(Input material Opens)

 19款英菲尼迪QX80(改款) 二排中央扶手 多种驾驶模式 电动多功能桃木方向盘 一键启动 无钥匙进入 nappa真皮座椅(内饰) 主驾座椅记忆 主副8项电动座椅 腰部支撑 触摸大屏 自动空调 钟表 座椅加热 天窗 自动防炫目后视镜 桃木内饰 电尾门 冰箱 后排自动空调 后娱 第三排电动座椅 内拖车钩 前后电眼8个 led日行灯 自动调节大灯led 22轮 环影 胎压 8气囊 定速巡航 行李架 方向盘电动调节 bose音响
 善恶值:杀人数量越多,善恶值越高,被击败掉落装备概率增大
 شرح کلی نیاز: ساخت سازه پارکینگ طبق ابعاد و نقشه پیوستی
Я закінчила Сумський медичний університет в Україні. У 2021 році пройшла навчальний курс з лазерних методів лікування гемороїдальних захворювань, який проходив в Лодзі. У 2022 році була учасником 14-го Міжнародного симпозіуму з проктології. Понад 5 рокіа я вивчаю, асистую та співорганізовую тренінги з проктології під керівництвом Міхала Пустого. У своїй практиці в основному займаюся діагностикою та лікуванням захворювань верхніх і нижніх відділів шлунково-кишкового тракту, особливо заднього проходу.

(Input material Closes)
(Input material Opens)

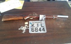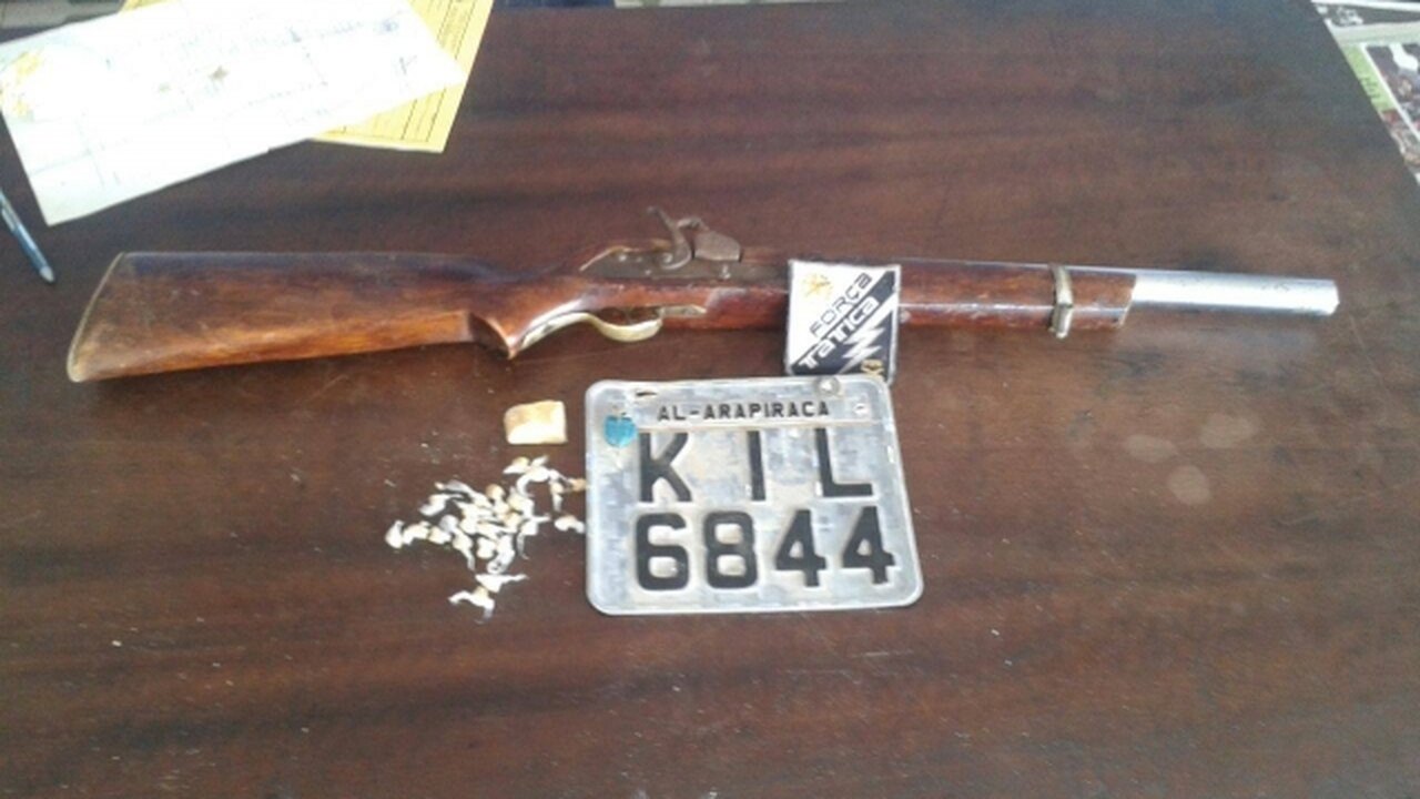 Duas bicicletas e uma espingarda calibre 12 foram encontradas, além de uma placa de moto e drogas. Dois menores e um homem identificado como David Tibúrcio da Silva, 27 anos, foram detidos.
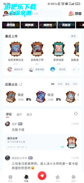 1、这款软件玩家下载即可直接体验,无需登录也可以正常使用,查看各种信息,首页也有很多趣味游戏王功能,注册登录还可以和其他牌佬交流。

(Input material Closes)

◆ Your goal ◆
Give again exactly, and only, the lines above starting at the one with "19款英菲尼迪QX80(改款) 二排中央扶手 多种驾驶模式" and ending at the one with "Я закінчила Сумський".

◆ Exercise response ◆
 19款英菲尼迪QX80(改款) 二排中央扶手 多种驾驶模式 电动多功能桃木方向盘 一键启动 无钥匙进入 nappa真皮座椅(内饰) 主驾座椅记忆 主副8项电动座椅 腰部支撑 触摸大屏 自动空调 钟表 座椅加热 天窗 自动防炫目后视镜 桃木内饰 电尾门 冰箱 后排自动空调 后娱 第三排电动座椅 内拖车钩 前后电眼8个 led日行灯 自动调节大灯led 22轮 环影 胎压 8气囊 定速巡航 行李架 方向盘电动调节 bose音响
 善恶值:杀人数量越多,善恶值越高,被击败掉落装备概率增大
 شرح کلی نیاز: ساخت سازه پارکینگ طبق ابعاد و نقشه پیوستی
Я закінчила Сумський медичний університет в Україні. У 2021 році пройшла навчальний курс з лазерних методів лікування гемороїдальних захворювань, який проходив в Лодзі. У 2022 році була учасником 14-го Міжнародного симпозіуму з проктології. Понад 5 рокіа я вивчаю, асистую та співорганізовую тренінги з проктології під керівництвом Міхала Пустого. У своїй практиці в основному займаюся діагностикою та лікуванням захворювань верхніх і нижніх відділів шлунково-кишкового тракту, особливо заднього проходу.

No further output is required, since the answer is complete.